Our Privacy Statement & Cookie Policy

By continuing to browse our site you agree to our use of cookies, revised Privacy Policy and Terms of Use. You can change your cookie settings through your browser.

I agree

Some shipping companies announce return to Red Sea as Houthi attacks continue

CGTN

 , Updated 15:09, 28-Dec-2023

French shipping giant CMA-CGM has resumed some transit through the Red Sea, days after Danish group Maersk announced it would return as a U.S.-led naval coalition is now policing the maritime route against Yemeni rebel attacks.

The attacks prompted shipping companies to reroute vessels around the southern tip of Africa earlier this month – a longer and more expensive trip than the Red Sea route that links up with the Suez Canal.

CMA-CGM said in a notice on Tuesday that "some vessels have made the transit through the Red Sea" following an "in-depth evaluation of the security landscape and our commitment to the security and safety of our seafarers."

"We are currently devising plans for the gradual increase in the number of vessels transiting through the Suez Canal," it said.

The United States launched a multinational task force last week to counter the Houthi missile and drone attacks along the route, which carries up to 12 percent of global trade. And yet insecurity was still on display in the area, when on Tuesday a vessel belonging to container shipping giant MSC was attacked while en route from Saudi Arabia to Pakistan.

The Houthis said they are targeting Israel and Israeli-linked vessels to push for a stop to the offensive in the Gaza Strip, where Israel is battling Hamas militants.

Others remain cautious. Hapag-Lloyd and Evergreen Line, the container shipping arm of Evergreen Group, told CNN Wednesday that they would continue to reroute vessels via the Cape of Good Hope at Africa's southern tip, citing the area "too dangerous to pass." MSC said the same Tuesday.

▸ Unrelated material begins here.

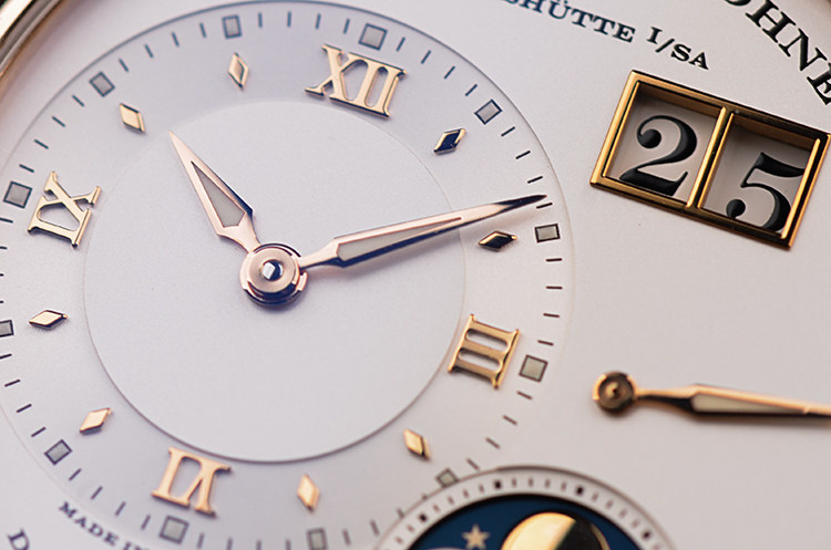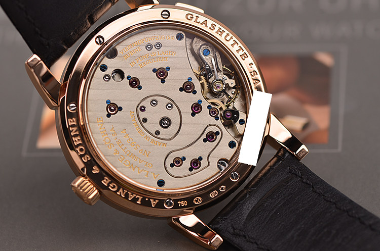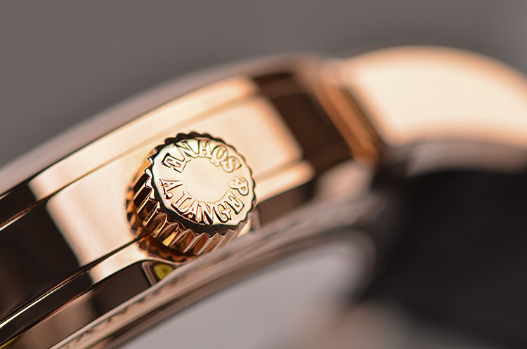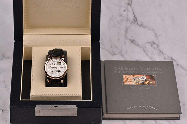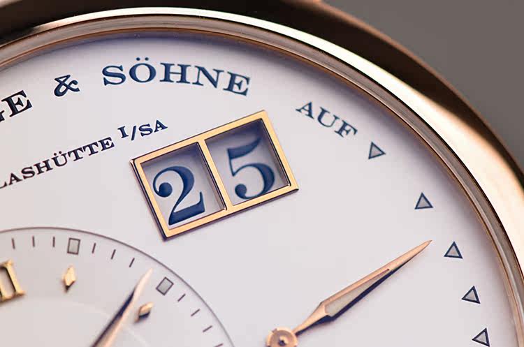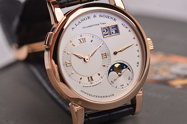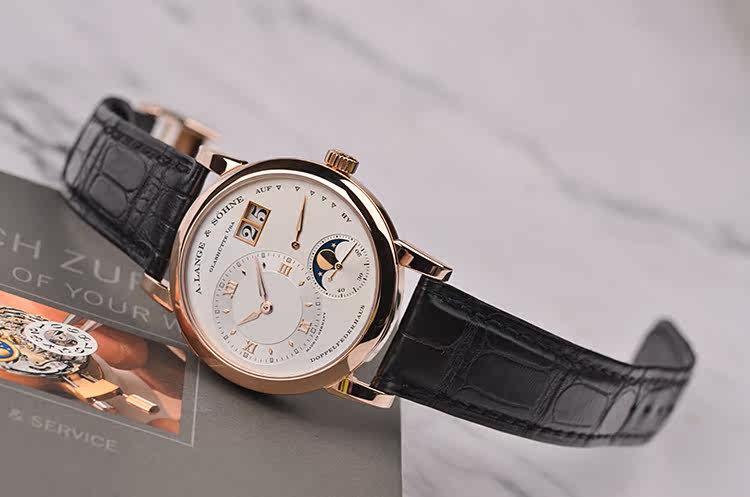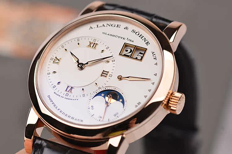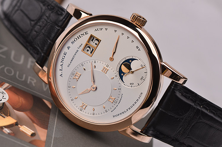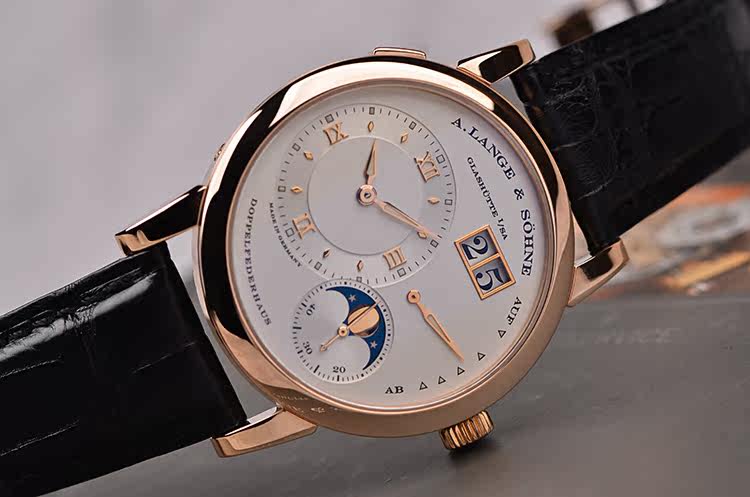 朗格1系列玫瑰金38.5MM偏心大日历动显月相手上链男表
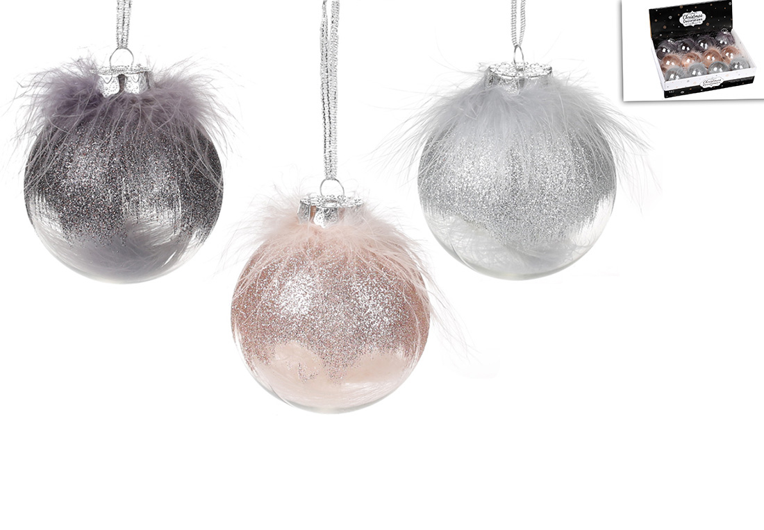 Ялинкова куля 8см з декором з пуху, мікс 3-х кольорів в дисплей коробці: рожевий пудровий, світло-сірий, графітовий сірий

Shipping costs continue to rise

A local shipping company head from the Port of Aden, which connects the Gulf of Aden to the Red Sea, told CMG recently that shipping costs have risen by 50 percent to 100 percent, thus influencing the prices being paid at checkouts.

Regardless if companies return to their old route of the Red Sea or send ships through the longer, more expensive route via Africa, shipping costs will likely to rise anyway. 

According to CNN, companies are adding an "Emergency Revenue Charge" to avoid potential disruptions and that will add $1,000 to a common 20-foot container traveling eastbound via the Suez Canal, and $1,500 for one heading west via the Gulf of Aden.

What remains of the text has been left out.